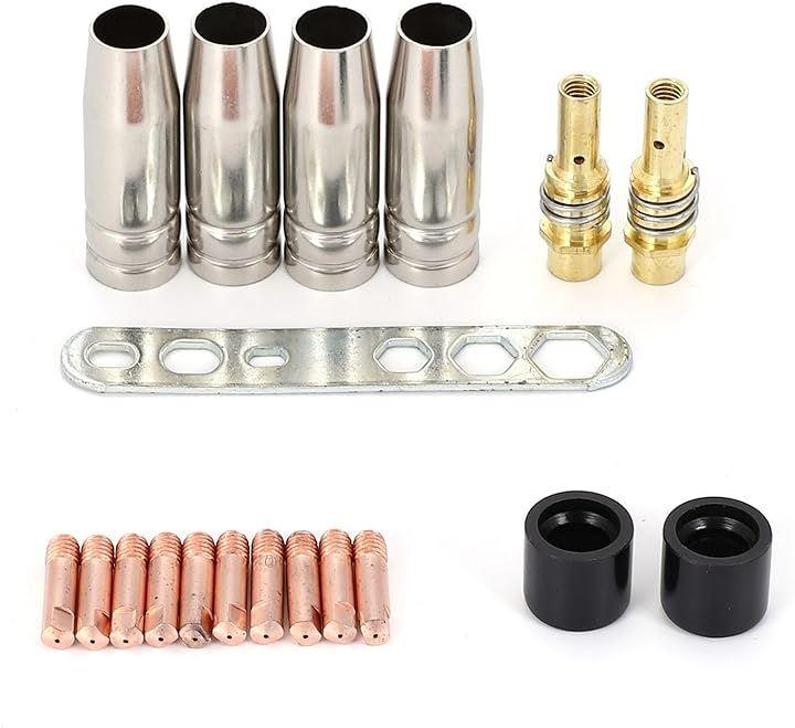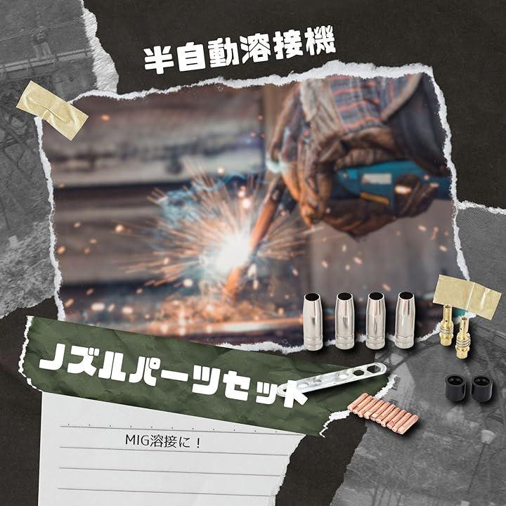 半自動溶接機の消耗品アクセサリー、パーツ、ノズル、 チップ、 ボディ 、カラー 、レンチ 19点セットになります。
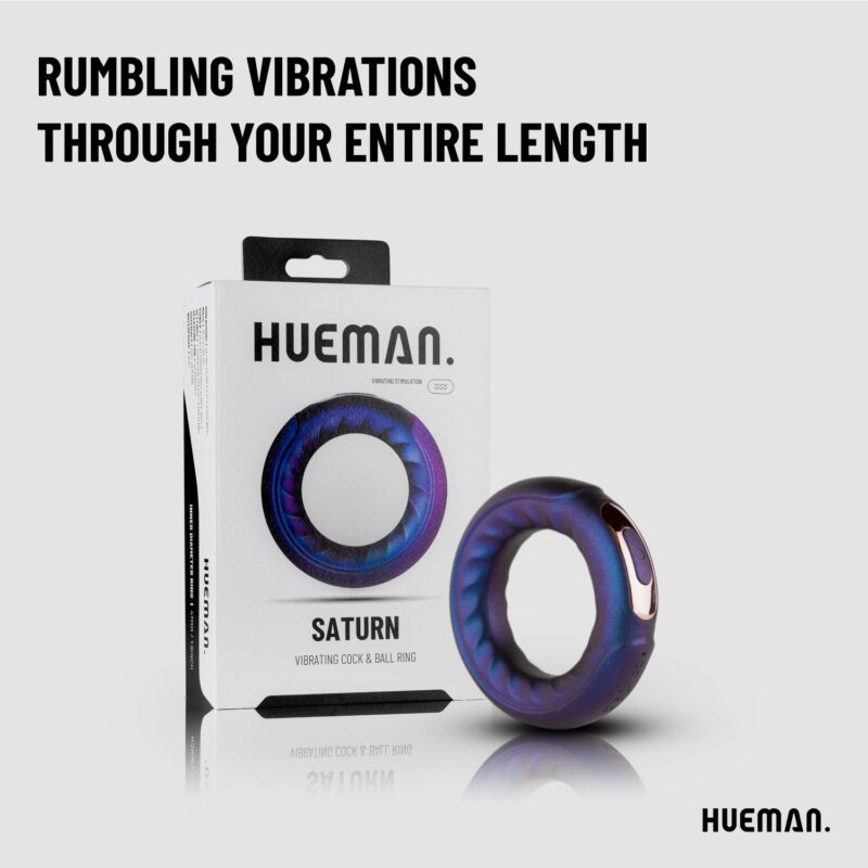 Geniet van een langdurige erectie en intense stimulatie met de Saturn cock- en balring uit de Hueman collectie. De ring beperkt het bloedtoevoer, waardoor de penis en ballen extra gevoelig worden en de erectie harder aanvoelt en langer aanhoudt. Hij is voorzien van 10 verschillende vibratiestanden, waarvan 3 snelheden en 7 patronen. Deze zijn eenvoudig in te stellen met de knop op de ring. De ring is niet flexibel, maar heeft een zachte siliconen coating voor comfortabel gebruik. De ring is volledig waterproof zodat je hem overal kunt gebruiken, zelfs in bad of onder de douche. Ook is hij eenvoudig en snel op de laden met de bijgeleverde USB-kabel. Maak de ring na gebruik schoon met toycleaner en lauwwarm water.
...
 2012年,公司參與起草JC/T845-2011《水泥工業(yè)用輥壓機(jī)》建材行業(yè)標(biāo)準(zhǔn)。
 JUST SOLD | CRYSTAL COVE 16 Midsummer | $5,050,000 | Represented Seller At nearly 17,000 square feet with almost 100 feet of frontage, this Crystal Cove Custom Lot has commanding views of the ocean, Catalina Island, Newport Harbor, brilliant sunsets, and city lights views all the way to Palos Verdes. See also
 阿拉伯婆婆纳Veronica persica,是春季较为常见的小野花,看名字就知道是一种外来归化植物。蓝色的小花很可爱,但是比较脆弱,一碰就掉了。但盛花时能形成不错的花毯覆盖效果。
==
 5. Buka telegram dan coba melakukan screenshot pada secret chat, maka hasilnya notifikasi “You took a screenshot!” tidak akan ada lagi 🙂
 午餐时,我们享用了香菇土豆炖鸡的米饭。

- _TASK GOAL_: Given the records above, reproduce precisely and only the lines between the line holding "5. Buka telegram" and the line holding "午餐时,我们享用了香菇土豆炖鸡的米饭。", inclusive.

- _SOLUTION BELOW_:
 5. Buka telegram dan coba melakukan screenshot pada secret chat, maka hasilnya notifikasi “You took a screenshot!” tidak akan ada lagi 🙂
 午餐时,我们享用了香菇土豆炖鸡的米饭。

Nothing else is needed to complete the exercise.